| Literature DB >> 26425592 |
Justin T Dowdy1, Marcus W Moody2, Christopher P Cifarelli1.
Abstract
Cerebrospinal fluid (CSF) leak is the most commonly encountered perioperative complication in transsphenoidal surgery for pituitary lesions. Direct closure with a combination of autologous fat, local bone, and/or synthetic grafts remains the standard of care for leaks encountered at the time of surgery as well as postoperatively. The development of the vascularized nasoseptal flap as a closure technique has increased the surgeon's capacity to correct even larger openings in the dura of the sella as well as widely exposed anterior skull base defects. Yet these advances in the technical nuances for management of post-transsphenoidal CSF leak are useless without the ability to recognize a CSF leak by physical examination, clinical history, biochemical testing, or radiographic assessment. Here, we report a case of a patient who developed a CSF leak 28 years after transsphenoidal surgery, precipitated by a robotic-assisted hysterectomy during which increased intra-abdominal pressure and steep Trendelenberg positioning were both factors. Given the remote nature of the patient's transsphenoidal surgery and relative paucity of data regarding such a complication, the condition went unrecognized for several months. We review the available literature regarding risk and pathophysiology of CSF leak following abdominal surgery and propose the need for increased vigilance in identification of such occurrences with the increasing acceptance and popularity of minimally invasive abdominal and pelvic surgeries as standards in the field.Entities:
Keywords: CSF leak; CSF rhinorrhea; pituitary; robotic-assisted surgery; transsphenoidal
Year: 2014 PMID: 26425592 PMCID: PMC4528865 DOI: 10.1177/2324709614520982
Source DB: PubMed Journal: J Investig Med High Impact Case Rep ISSN: 2324-7096
Figure 1.Schematic representation of the steep Trendelenberg position with the patient’s head position approximately 45° down.

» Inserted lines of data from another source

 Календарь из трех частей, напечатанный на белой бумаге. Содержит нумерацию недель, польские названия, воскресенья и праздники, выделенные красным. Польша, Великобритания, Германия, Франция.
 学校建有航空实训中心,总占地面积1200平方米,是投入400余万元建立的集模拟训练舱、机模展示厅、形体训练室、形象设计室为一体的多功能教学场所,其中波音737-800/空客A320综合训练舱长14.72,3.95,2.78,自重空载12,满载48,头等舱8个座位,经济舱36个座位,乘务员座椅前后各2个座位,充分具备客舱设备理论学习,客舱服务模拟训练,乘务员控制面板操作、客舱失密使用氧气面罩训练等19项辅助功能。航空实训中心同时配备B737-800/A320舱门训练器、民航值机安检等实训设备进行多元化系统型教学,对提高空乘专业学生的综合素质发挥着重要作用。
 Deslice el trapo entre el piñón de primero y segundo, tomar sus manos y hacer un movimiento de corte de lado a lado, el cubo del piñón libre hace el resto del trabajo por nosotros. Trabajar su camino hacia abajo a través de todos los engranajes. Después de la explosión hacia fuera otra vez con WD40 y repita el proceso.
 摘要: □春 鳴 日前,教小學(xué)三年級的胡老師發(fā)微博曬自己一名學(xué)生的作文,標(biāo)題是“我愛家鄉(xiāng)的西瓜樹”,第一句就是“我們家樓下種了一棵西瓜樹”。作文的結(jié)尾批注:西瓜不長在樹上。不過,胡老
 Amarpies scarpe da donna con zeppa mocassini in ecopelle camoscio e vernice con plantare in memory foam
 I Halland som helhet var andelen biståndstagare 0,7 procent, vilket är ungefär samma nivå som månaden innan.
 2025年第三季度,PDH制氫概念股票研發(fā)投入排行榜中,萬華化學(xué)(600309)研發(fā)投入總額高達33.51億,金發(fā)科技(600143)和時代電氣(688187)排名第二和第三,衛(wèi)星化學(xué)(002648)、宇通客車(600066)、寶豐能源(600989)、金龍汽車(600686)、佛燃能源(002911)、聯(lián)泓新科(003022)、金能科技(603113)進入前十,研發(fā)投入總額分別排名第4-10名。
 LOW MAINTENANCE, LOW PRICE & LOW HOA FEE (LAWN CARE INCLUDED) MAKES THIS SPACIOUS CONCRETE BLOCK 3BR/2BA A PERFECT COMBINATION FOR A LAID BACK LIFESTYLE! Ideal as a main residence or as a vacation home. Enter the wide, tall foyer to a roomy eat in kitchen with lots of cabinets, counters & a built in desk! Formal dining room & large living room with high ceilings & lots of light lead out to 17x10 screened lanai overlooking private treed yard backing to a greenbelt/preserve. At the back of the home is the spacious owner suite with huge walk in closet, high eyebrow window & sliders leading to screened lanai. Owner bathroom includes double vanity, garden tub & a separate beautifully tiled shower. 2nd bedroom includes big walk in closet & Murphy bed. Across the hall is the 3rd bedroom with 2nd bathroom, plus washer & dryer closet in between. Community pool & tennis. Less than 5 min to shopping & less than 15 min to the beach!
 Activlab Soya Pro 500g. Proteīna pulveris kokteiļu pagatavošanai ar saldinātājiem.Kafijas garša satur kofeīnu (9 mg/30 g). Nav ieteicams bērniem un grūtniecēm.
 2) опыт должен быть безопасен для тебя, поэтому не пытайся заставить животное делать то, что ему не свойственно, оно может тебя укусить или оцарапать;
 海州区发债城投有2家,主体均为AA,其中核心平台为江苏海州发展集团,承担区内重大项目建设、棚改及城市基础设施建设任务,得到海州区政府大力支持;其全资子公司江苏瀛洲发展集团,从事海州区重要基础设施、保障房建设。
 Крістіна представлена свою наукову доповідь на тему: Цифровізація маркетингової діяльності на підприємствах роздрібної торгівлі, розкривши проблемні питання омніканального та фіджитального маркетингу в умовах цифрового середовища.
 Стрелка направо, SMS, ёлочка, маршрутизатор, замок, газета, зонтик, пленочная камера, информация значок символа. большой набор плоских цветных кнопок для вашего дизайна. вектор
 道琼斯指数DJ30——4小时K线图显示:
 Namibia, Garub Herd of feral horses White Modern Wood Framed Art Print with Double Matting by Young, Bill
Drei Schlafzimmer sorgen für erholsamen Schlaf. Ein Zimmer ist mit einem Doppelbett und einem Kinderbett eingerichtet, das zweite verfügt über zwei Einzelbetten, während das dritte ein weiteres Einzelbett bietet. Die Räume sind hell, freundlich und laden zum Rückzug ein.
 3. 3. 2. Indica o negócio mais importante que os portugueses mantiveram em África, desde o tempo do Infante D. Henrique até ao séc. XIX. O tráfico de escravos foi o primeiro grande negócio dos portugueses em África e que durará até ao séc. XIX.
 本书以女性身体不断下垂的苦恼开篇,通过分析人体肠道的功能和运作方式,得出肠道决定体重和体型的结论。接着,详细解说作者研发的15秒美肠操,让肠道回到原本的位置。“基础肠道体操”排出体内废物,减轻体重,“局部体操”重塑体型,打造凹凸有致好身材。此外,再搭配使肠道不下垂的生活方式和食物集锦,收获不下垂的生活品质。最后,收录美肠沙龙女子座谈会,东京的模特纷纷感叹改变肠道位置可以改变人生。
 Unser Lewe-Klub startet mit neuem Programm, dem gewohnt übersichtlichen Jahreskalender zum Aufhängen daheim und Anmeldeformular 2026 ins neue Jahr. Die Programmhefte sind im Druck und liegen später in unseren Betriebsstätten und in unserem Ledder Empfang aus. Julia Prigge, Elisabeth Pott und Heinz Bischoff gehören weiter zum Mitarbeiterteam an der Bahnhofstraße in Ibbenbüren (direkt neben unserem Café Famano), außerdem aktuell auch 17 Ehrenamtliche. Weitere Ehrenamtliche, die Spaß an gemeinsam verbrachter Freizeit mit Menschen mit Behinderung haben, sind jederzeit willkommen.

Figure 2.Coronal (A) and sagittal (B) views of the maxillofacial computed tomography prior to endoscopic repair show a small defect in the floor of the sella (arrow, A) and postoperative changes from the original transsphenoidal surgery. Coronal (C) and sagittal (D) post-contrast magnetic resonance images illustrate thick dural enhancement (white arrows, C and D) and the presence of subdural hygromas (black arrows, C) suggestive of intracranial hypotension.
Figure 3.Intraoperative photograph demonstrating the defect at the floor of the sella turcica (arrow) with active extravasation of cerebrospinal fluid.
Figure 4.Coronal (A) and sagittal (B) post-contrast magnetic resonance images 16 months after the cerebrospinal fluid (CSF) leak repair show resolution of the dural enhancement and subdural hygromas seen in Figure 1 (C-D). Note the presence of a vascularized septal flap (arrow, B) and return of the brainstem and cerebellum to a normal anatomic position in comparison to the inferior displacement noted in Figure 1 (D). These findings indicate full resolution of intracranial hypotension caused by the CSF leak.